The Big Lebowski

Memphis Flyer

DIRECTED BY: Joel Coen

REVIEWED: 03-16-98

It’s not every day you get to see a Viking maiden bowl. But, then again, it’s not so surprising since this scene comes courtesy of the Coen brothers in their latest film The Big Lebowski. With The Big Lebowski, the Coens reaffirm their status as master practitioners of the comically absurd – for the movie is nothing if not absurd; “stupefying” is how the narrator puts it. And it’s this element that drives the film, making it as enjoyable a comedy as it could be.

Front and center in this convoluted tale is one Jeff “Dude” Lebowski (Jeff Bridges). Dude is a pot-mellowed guy who lives in a dingy apartment and even dingier clothes. He’s a league bowler and not much else. But then, after a pair of thugs break into his apartment and soil his rug, Dude suddenly has a career opportunity. The men were looking for another Jeff Lebowski, the crusty millionaire “Big Lebowski” (David Huddleston). Dude goes to visit his namesake to recover the cost of his damaged rug (“It tied the room together,” he’s been convinced), and though he’s initially tossed out on his can, he gets called back to deliver money to the kidnappers of the Big Lebowski’s promiscuous, much younger wife (Tara Reid).

Dude, with the help of his league teammate and ’Nam-addled buddy Walter Sobchak (John Goodman), fouls up the drop and loses the money. Now, the Big Lebowski is after him as well as some German Nihilists, a very powerful pornographer, and Lebowski’s estranged avant-garde artist daughter Maude (Julianne Moore), who muses over the lack of slang for the word “vagina.”

And if that sounds strange, consider Dude’s dream sequence which involves Saddam Hussein renting bowling shoes and the shot taken from the perspective of a rolling bowling ball.
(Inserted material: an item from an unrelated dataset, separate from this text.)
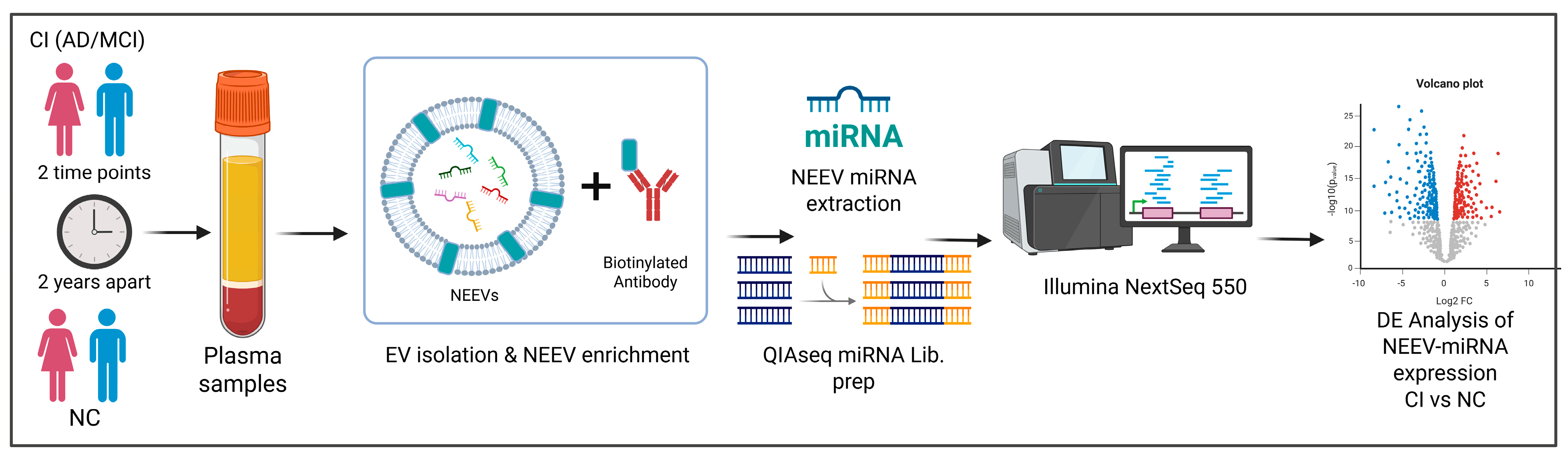 - Durur, D.Y.; Tastan, B.; Ugur Tufekci, K.; Olcum, M.; Uzuner, H.; Karakülah, G.; Yener, G.; Genc, S. Alteration of miRNAs in Small Neuron-Derived Extracellular Vesicles of Alzheimer’s Disease Patients and the Effect of Extracellular Vesicles on Microglial Immune Responses. J. Mol. Neurosci. 2022, 72, 1182–1194. [Google Scholar] [CrossRef] [PubMed]

Or, how about Jesus Quintana (John Turturro), a Latino league rival who wears his purple pantsuit skin-tight and threatens to violate Dude, Walter, and team member Donny (Steve Buscemi) during the semi-finals? Then there’s the dance recital of Dude’s roly-poly landlord (Jack Kehler), who’s clad in nothing but a nude bodysuit and a few sprigs of leaves.

These bizarre touches are right up the Coens’ alley. The Big Lebowski possesses none of the dark undertones that flavored their last big hit, Fargo. Nor does it – despite all of its sundry characters and brief plot detours (such as the dream sequences) – try to do too much, as in The Hudsucker Proxy. Rather, this film harks back to Raising Arizona, another happily goofy kidnap caper.

In delivering their tale of mayhem, the Coens enlisted cinematographer Roger Deakins, who produces a crisp, bright look, and they have chosen a nifty soundtrack with bits of classical music, a flamenco-heavy cover of “Hotel California” by the Gipsy Kings, and more songs by Bob Dylan, Elvis Costello, Booker T. and the MGs, and others. Plus, there’s the crack ensemble cast. Bridges gives one of his funnier performances as the relaxed Dude. He’s heaped with abuse (he gets attacked by a ferret while enjoying a bath, among other indignities), but seemingly nothing gets more than just a little rattled. After he’s handed the ransom note by the Big Lebowski, Dude just says, “That’s a bummer,” then asks if he can light a “J.” As his partner in this crime, Goodman gets the choicest lines. He struggles to find a connection to his experiences in Vietnam in everything, even bowling. When a fellow bowler commits a small infraction, Walter pulls a gun and yells, “This is not ’Nam, Smokey. This is bowling. We’ve got rules!” Later, when Dude, Donny, and he are threatened by the Germans, he say, “Don’t worry. They’re Nihilists; they can’t hurt you.” Those with bit parts include David Thewlis as a giggling video director, Flea as one of the Germans, and Philip Seymour Hoffman as the Big Lebowski’s Mr. Smithers-like assistant.

The Big Lebowski is frequently hilarious, and if it sounds cliche to say laugh-out-loud funny, then so be it.